Анна Николаевна в каждом доме, даже почти родственном, как у Вовки, была гостем необычным, солидным, значительным, просто так времени не теряющим, но дружбан мой говорил, будто она проводит у них долгие часы, и на мой вопрос: «А чё делает?» — отвечал: «Просто сидит. Просто говорит».
Я с недоверием покачивал головой, что-то мне все это казалось неясным, но в один день все прояснилось, и вот каким горьким образом.
Вовка исчез на день, потом появился в классе, и на нем не было лица. Круглоголовый мой друг как-то сморщился и даже, кажется, постарел, хотя дети, дело ясное, стареть не могут — они могут только взрослеть.
Но вот! — Вовка постарел и шепнул мне, глядя в сторону:
— Похоронка на Степу!
Я сжал его руку повыше локтя, и у него в глазах заблестели слезы. Он торопливо смахнул их, мы слушали урок — и не слышали его, конечно. Я думал про Вовку, как он будет теперь и как его мама Анастасия Никитична выдержала такое известие.

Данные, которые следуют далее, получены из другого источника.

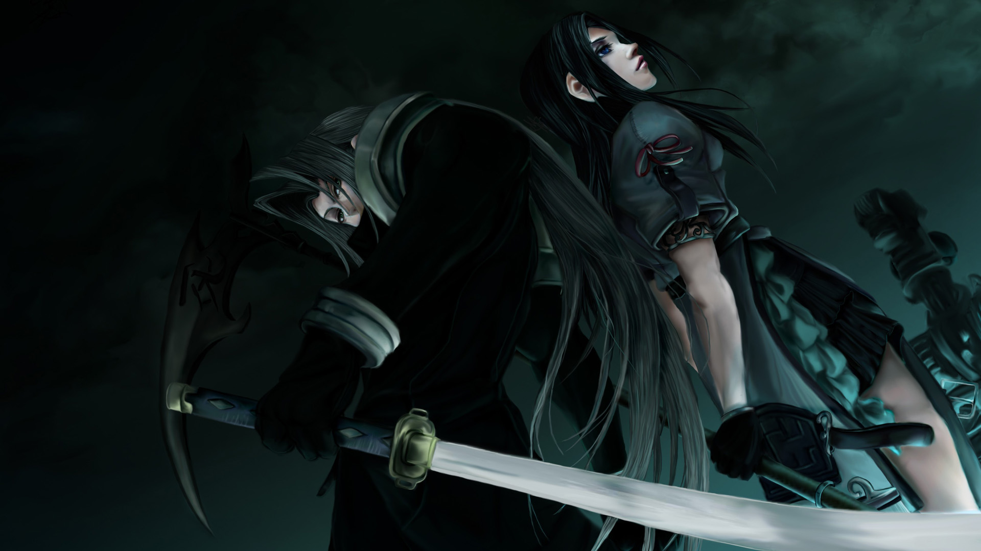 网络朋克风,性感黑色盔甲带武器女孩与3D宇宙飞船CGI电脑壁纸免费下载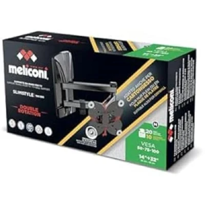 TV mount: Slimstyle Plus is the new series of ultra-flat TV wall mounts from Meliconi S.p.A. optimal balance between advanced technology, modern materials and attractive design; 100SDR is a comfortable and secure TV wall mount. Also suitable for plaster walls: our TV mount is also ideal for 12.5 mm to 25 mm thick plasterboard walls; when installed on plasterboard walls. Cartonboard plates up to 10 kg and can be attached anywhere on the wall, regardless of the vertical post, attach posts anywhere on the wall Compatibility: Slimstyle Plus 100SDR is ideal for TVs from 14 inches to 32 inches and with VESA 50x50, 75x75, 100x100; before purchase please check the distance between the 4 holes on the back of the TV MAXIMUM LOADING CAPACITY The TV mount can support a maximum weight of 20kg or 10kg when mounted on plasterboard DOUBLE ROTATION: thanks to the double bar, you can quickly and easily rotate, tilt and move your TV away from the wall or closer to the wall with this Meliconi TV mount so you can watch TV from any angle MELICONI Quality: since its inception, Meliconi has been launching original and accessible products that make your everyday life easier with a focus on functionality and material quality; this Meliconi TV mount is 100% made in Italy and TÜV certified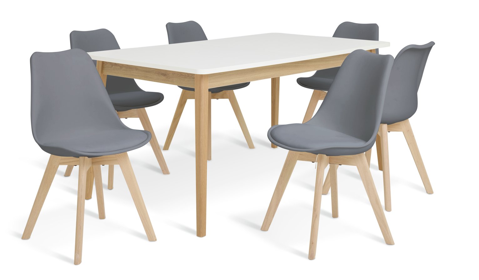 Habitat Skandi Oak Dining Table & 6 Grey Chairs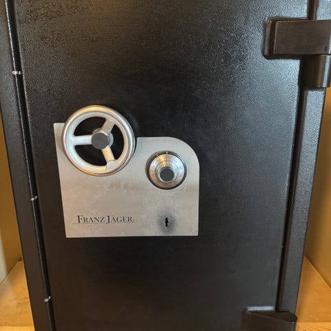 Kaso pengeskab i brun stål med front i sort. Skabet har sidehængslet dør med greb og nøglelås. Indvendigt er der hylder og et mindre aflåseligt rum i toppen til opbevaring af kontanter, dokumenter eller andre værdigenstande. Velegnet til kontor eller privat brug, hvor der er behov for sikker opbevaring.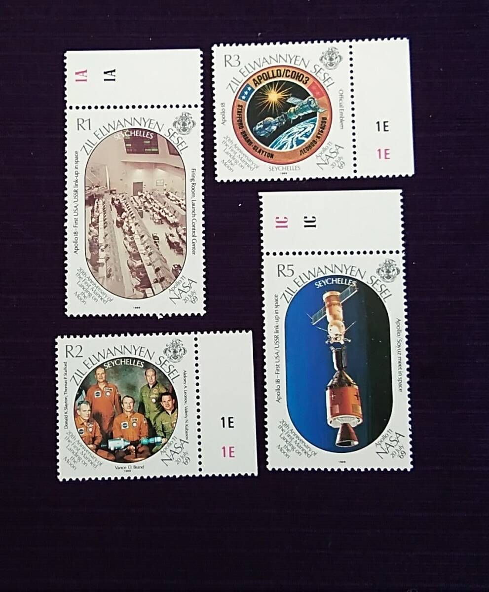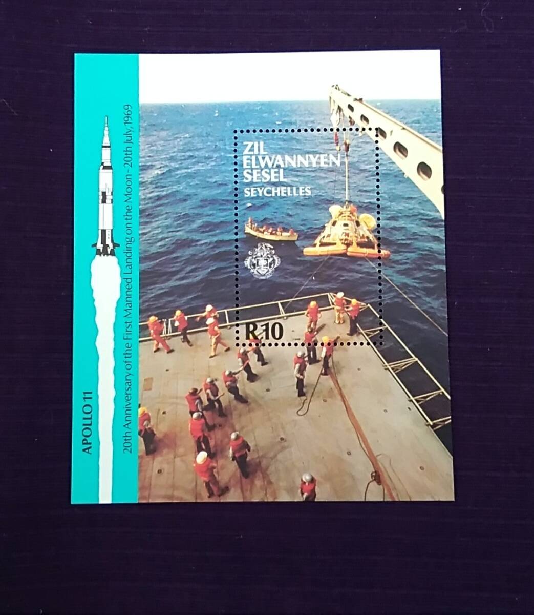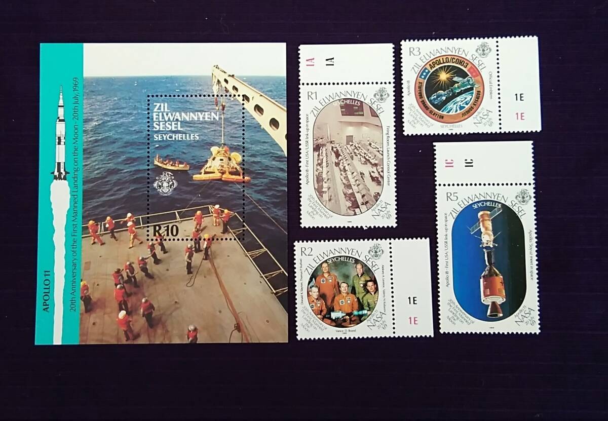 外国未使用切手4種と小型シート 宇宙関連 セーシェル アポロ11号人類初月面着陸20周年です。

Можно догадываться, предполагать, но думать о том, как страдает твой друг, это совсем другое, нежели самому страдать. Твое волнение, понимание и даже слезы, обозначающие сочувствие и сострадание, вовсе же не само чувство и не само страдание.
Из школы мы шли медленно, совсем другие, чем еще пару дней назад, не понимая, что кто-то уже украл у нас наивность трех мушкетеров с Д’Артаньяном впереди, где нет настоящих горестей и выручка друзей способна спасти от любых испытаний. Мы шли неторопливо, торопливо взрослея, и во мне выступали, съезжаясь вместе, прежде неясные сцены: как бежит, не узнав меня, приветливая почтальонка Рита по школьному коридору, а потом обрывает урок Анна Николаевна, чего с ней прежде никогда не случалось, а позже приговаривает: «Вовка, Вовка, круглая головка» и не жалеет для нас редкой книжки.

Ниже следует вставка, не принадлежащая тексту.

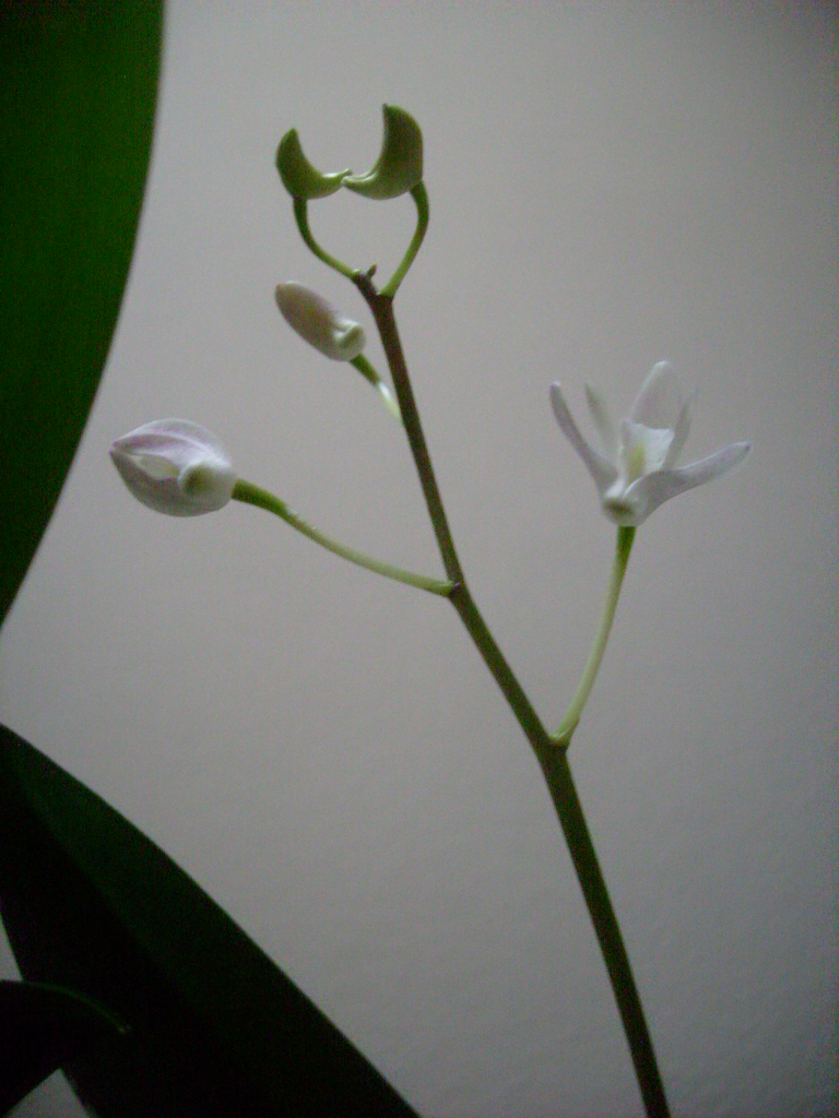 meine orchidee blüht, das erste mal seit jahren...ich wußte zwar das sie weiß blühen soll,aber wie....ich weiß auch, dass es eine dendrobium ist,aber ich weiß nicht welche art es sein könnte? kann mir da vielleicht einer helfen? kennt sich da einer aus oder ist das zu schwer weil es zu viele züchtungen gibt....ich weiß nähmlich nicht,ob es eine hybride oder naturform ist...ich glaube aber eher naturform, weil die duftet ganz stark, trotz das die blüten recht klein sind!

Все это сдвигалось, сходилось, стыковалось в моей голове воедино Вовкиными краткими фразами, потом, позже, уточненными и дополненными, и незабвенная наша Анна Николаевна, как и всегда прежде, оказывалась в середине событий, пока еще не подвластных нашим умам.
Взрослое как-то так удивительно выступало вперед, заступаясь за нас, малых, обороняло от боли тем, что боль эту предъявляло совершенно странным способом,
Итак, Рита, некрасивая, но добрая почтальонка и одноклассница Степы, получила на почте похоронку на имя Вовкиной матери. И открыла ее. И, конечно, заплакала. Испугалась нести бумажку эту горькую. Недолго думая, кинулась в школу, к учительнице, ведь Анна Николаевна учила их обоих, учила Вовку и их со Степой мать, да еще и была ее крёстной матерью. Анна Николаевна велела Рите молчать, а похоронку забрала. И все заходила к своей крестнице, говорила о разных разностях, присматривалась, как та чувствует себя, и не решалась сказать про Степу. Еще к Вовкиной маме постоянно приходили врачи, сказал дружбан. Просто так приходили, без всякого вызова. Это Анна Николаевна посылала своих учеников. Мерили давление, считали пульс, оставляли ценные лекарства. Вовкина мама удивлялась и говорила ему: «Это неспроста». А он смеялся. Ничего не понимал, маленький лопоухий щенок.
Но потом Анна Николаевна пришла снова, когда Вовка и мама его были вместе. Заплакала и сказала, что Степу убили.
— Понимаешь, какая штука, — рассказывал мне Вовка, — учительница плачет, я плачу, а мама — нет. Говорит: я давно все поняла. И еще Анну Николаевну утешает. Понимаешь? Вышло все наоборот.
А потом, когда мы уже подросли, он прибавил:
— Это же Анна Николаевна все так устроила. Мамина крёсна…
* * *
Крёсна. Крёстная мать.
Крёстная мать — не та, что родила, а та, что приняла тебя из купели и потом, как родная, всю жизнь свою, как умела, как понимала, как считала нужным, берегла тебя.
Учительница моя не была моей крёстной.
А все-таки была…
Где вы, дорогая моя Анна Николаевна? На каком небесном облачке? В какой небесной сини?
Вы слышите меня? Так вот что хочу вам сказать.
Вас давно уже нет. Но вы есть.
Вы есть во мне.
Вы есть — по-разному — во всех, кто учился у вас и кому вы крёсна навсегда — вашими уроками и вашей жизнью.
Благодарю и помню вас, милая наша крёсна.